=== Task material ===

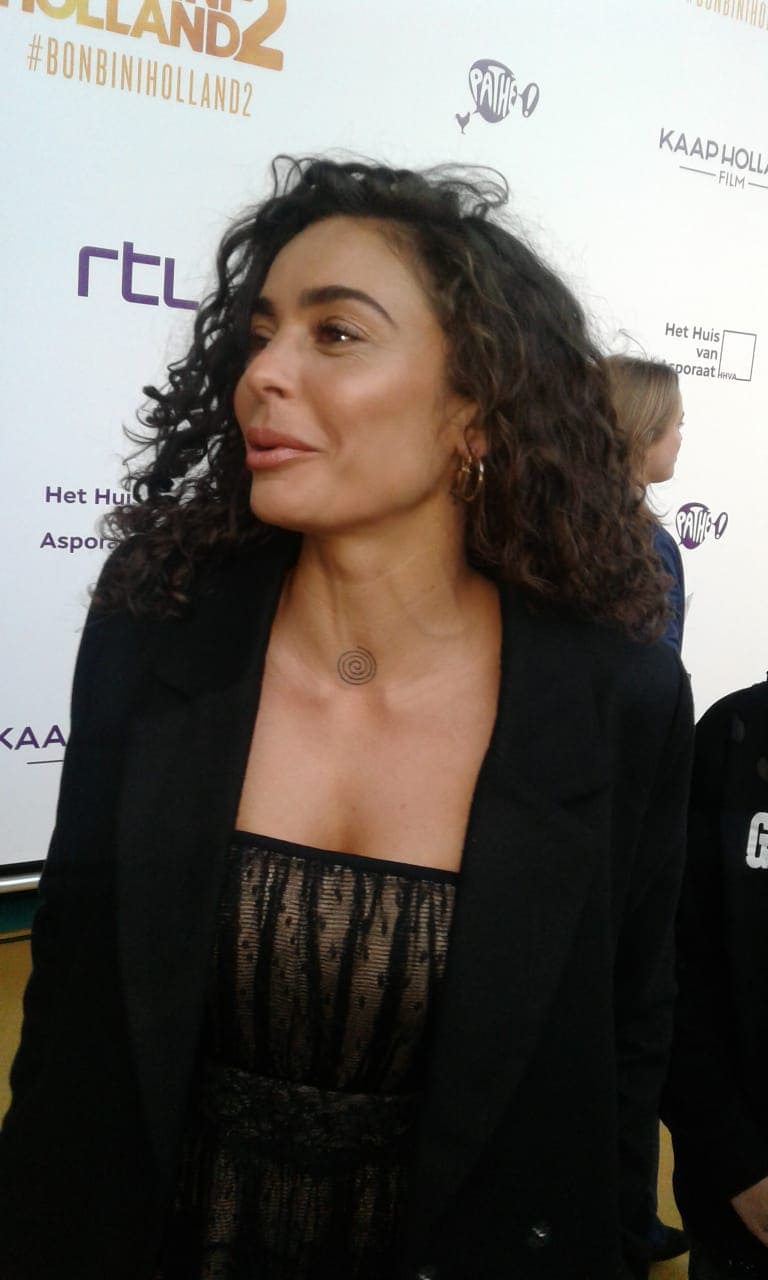 Fajah Lourens betreedt de rode loper samen met haar zoon. Ze zegt dat ze benieuwd is naar de film. “Jandino’s humor ligt mij wel. Ik vind het  gewoon grappig om ernaar te kijken. Ik ben erg benieuwd”, zegt ze.
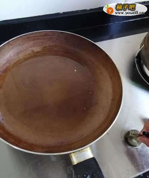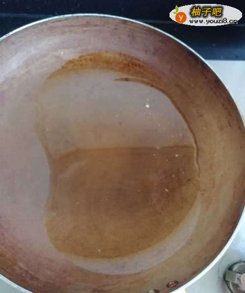 6第四步,在铁锅中倒入一大勺子花生油。
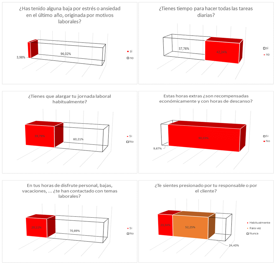 El pasado mes de mayo, os invitamos a realizar una encuesta para constatar una situación que venimos denunciando ante el continuo goteo de compañeros y compañeras que han tenido una baja médica relacionada con el trabajo. La falta de tiempo para realizar las tareas, largas jornadas laborales (no compensadas en su mayoría), son una realidad para una mayoría de los encuestados. Situaciones que poco a poco merman nuestra salud.
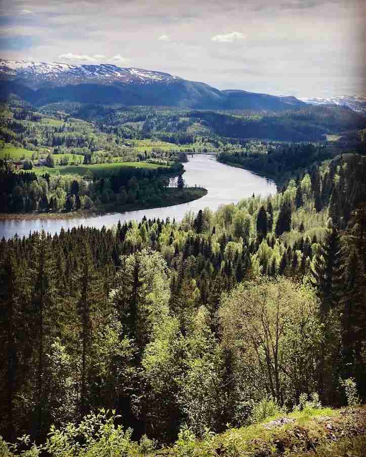 Ferden videre gikk via Steinkjer og opp langs Snåsavannet (som jeg trodde aldri skulle ta slutt) og etter hvert flere mil langs lakseelven Namsen. Naturen ble finere og finere jo mer nord jeg kom.
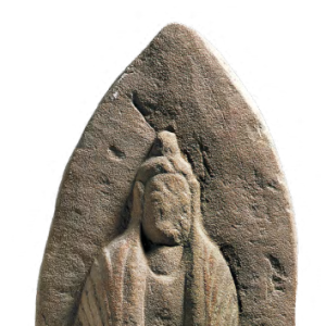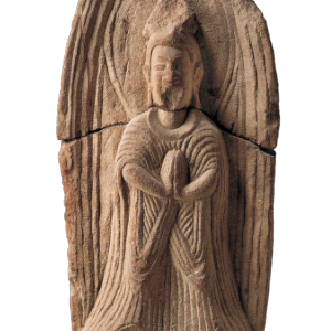 北魏菩萨石造像 北魏菩萨石造像,1981年出土于固原县(今彭阳县)新集乡,宁夏固原博物院藏。红沙岩石质,整体为舟形。中雕一站立菩萨,头戴高花蔓冠,面相长圆;身着通肩袈裟,下摆宽大,两端在两臂部从外向里搭绕自然下垂至腹前,衣褶较密;双手托物前举,跣足站立于实心台座。 ...

===

=== Task to carry out ===
Exactly the lines above from the one that contains "6第四步,在铁锅中倒入一大勺子花生油。" down to the one that contains "El pasado mes" are to be output, both ends kept and pictures omitted.

=== Task answer ===
 6第四步,在铁锅中倒入一大勺子花生油。
 El pasado mes de mayo, os invitamos a realizar una encuesta para constatar una situación que venimos denunciando ante el continuo goteo de compañeros y compañeras que han tenido una baja médica relacionada con el trabajo. La falta de tiempo para realizar las tareas, largas jornadas laborales (no compensadas en su mayoría), son una realidad para una mayoría de los encuestados. Situaciones que poco a poco merman nuestra salud.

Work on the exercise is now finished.